Poetry is not a turning loose of emotion, but an escape from emotion; it is not the expression of personality, but an escape from personality.

In this statement, he is articulating a combination of ideas. First, he does not think that poetry should resemble a diary in the sense of simply being an outpouring of what a person happens to be feeling at a given time. Instead, it exists at an intersection of the poetic tradition, the objective external objects or specific images that can evoke an emotion in a reader, and the particular emotion or experience.

Thus in "Prufrock," we do not simply get an outpouring of Eliot's own feelings. The poem connects to tradition through its frequent uses of allusion as well as its formal character, which moves back and forth between modernist free verse and traditional forms such as the heroic couplet and Shakespearean song. 

Although "The Wasteland" may have originated in Eliot's personal feelings (instead of being purely autobiographical), it addresses fragmentation as a modern condition and grounds itself in poetic and religious tradition in its central figure of the Fisher King. 

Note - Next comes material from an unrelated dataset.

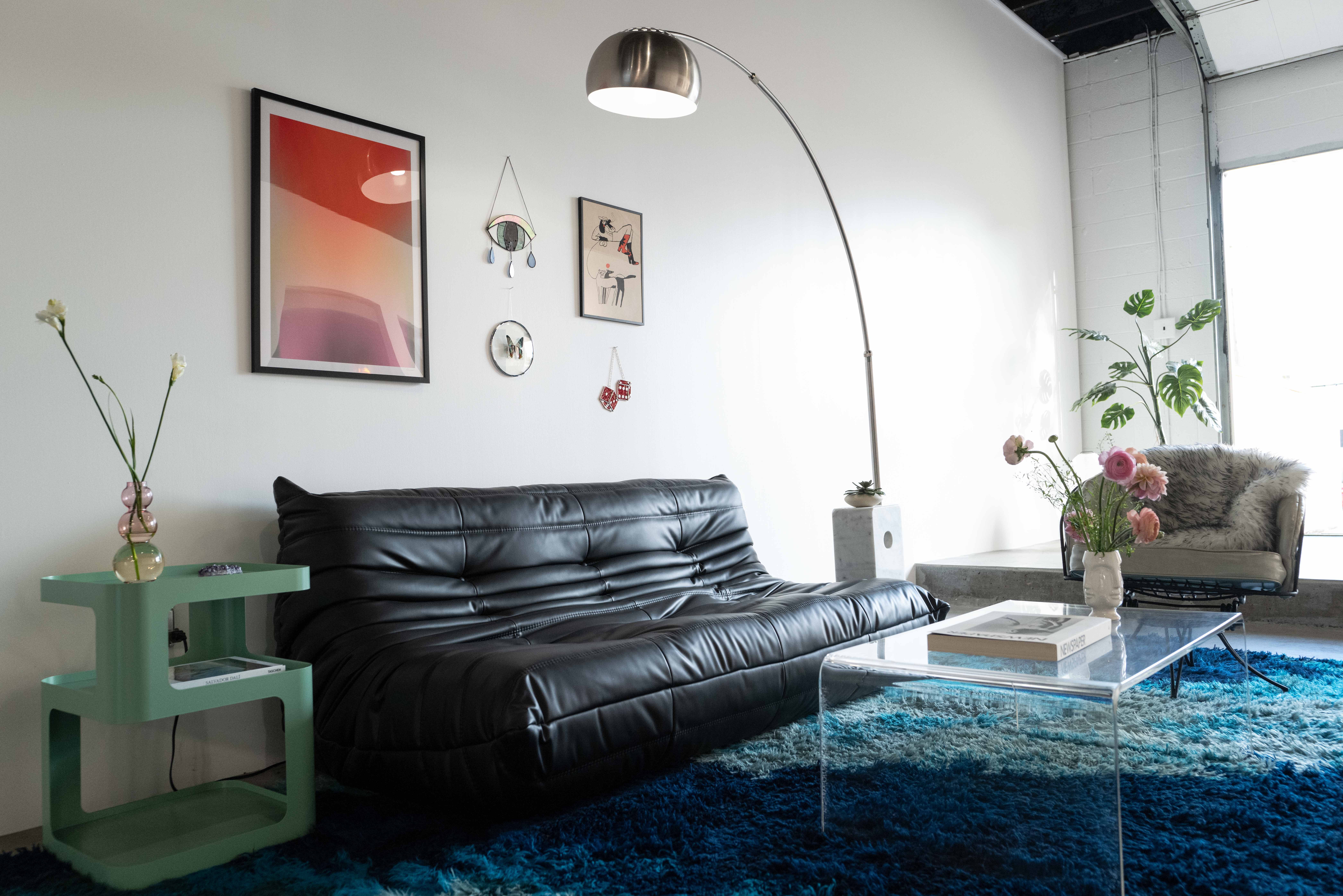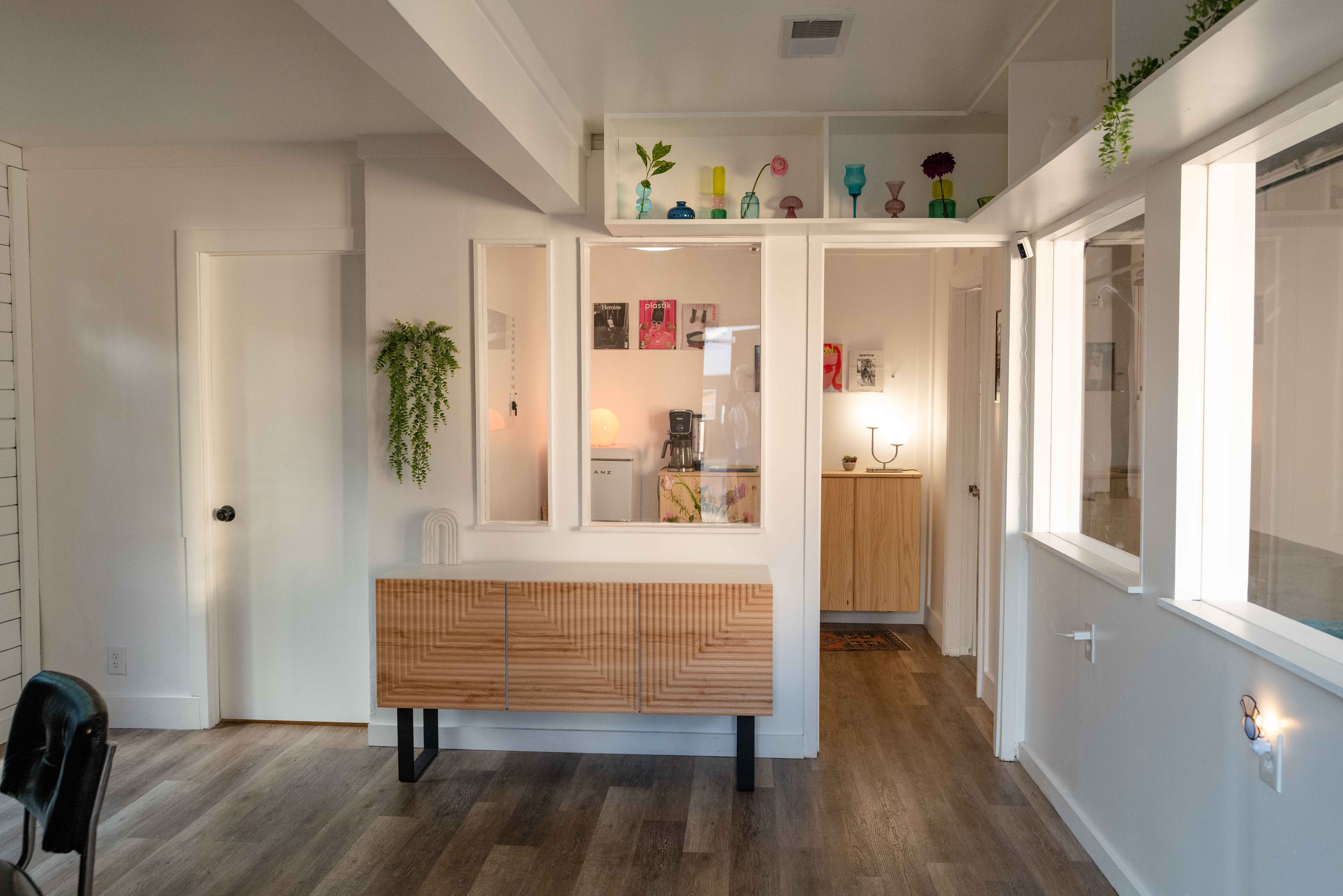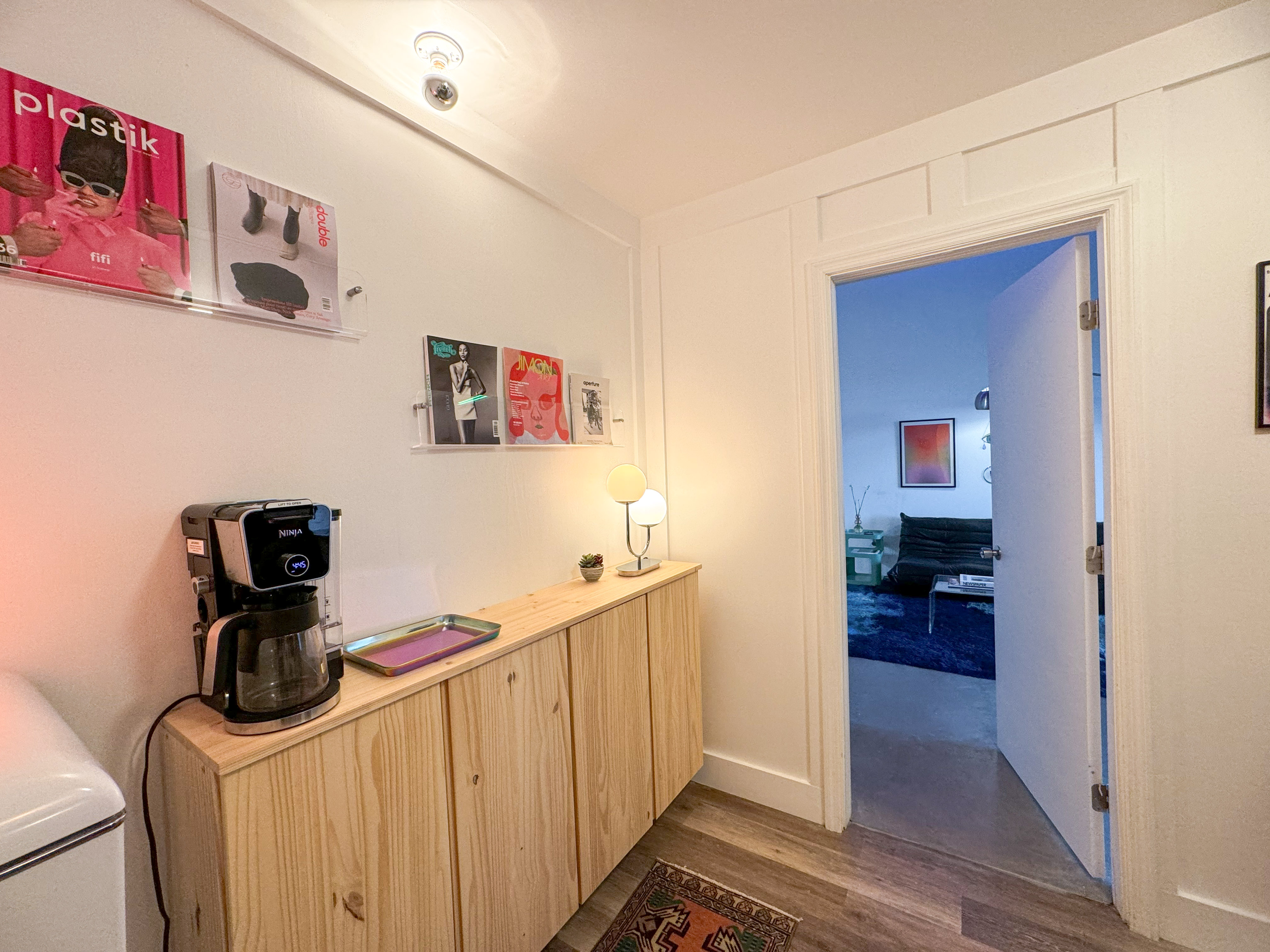 Expansive indoor and outdoor production studio complete with large cyc wall (17'x14'), lighting grid, a playful fusion of postmodern and mid-century styled rooms, and gorgeous natural light or RGB controlled studio lighting throughout. The creative space also features a private changing room, glam area, and two bathrooms!

"Dulce et Decorum Est” is a more intensely personal poem, but the poet distances himself by use of the concrete imagery and details that are "linguistic objective correlatives" of the emotions experienced. Rather than telling us that war is horrible, Owens shows its horrors by means of precise descriptions of soldiers enduring trench warfare and gas attacks in World War I. Its title and conclusion link it to the poetic tradition.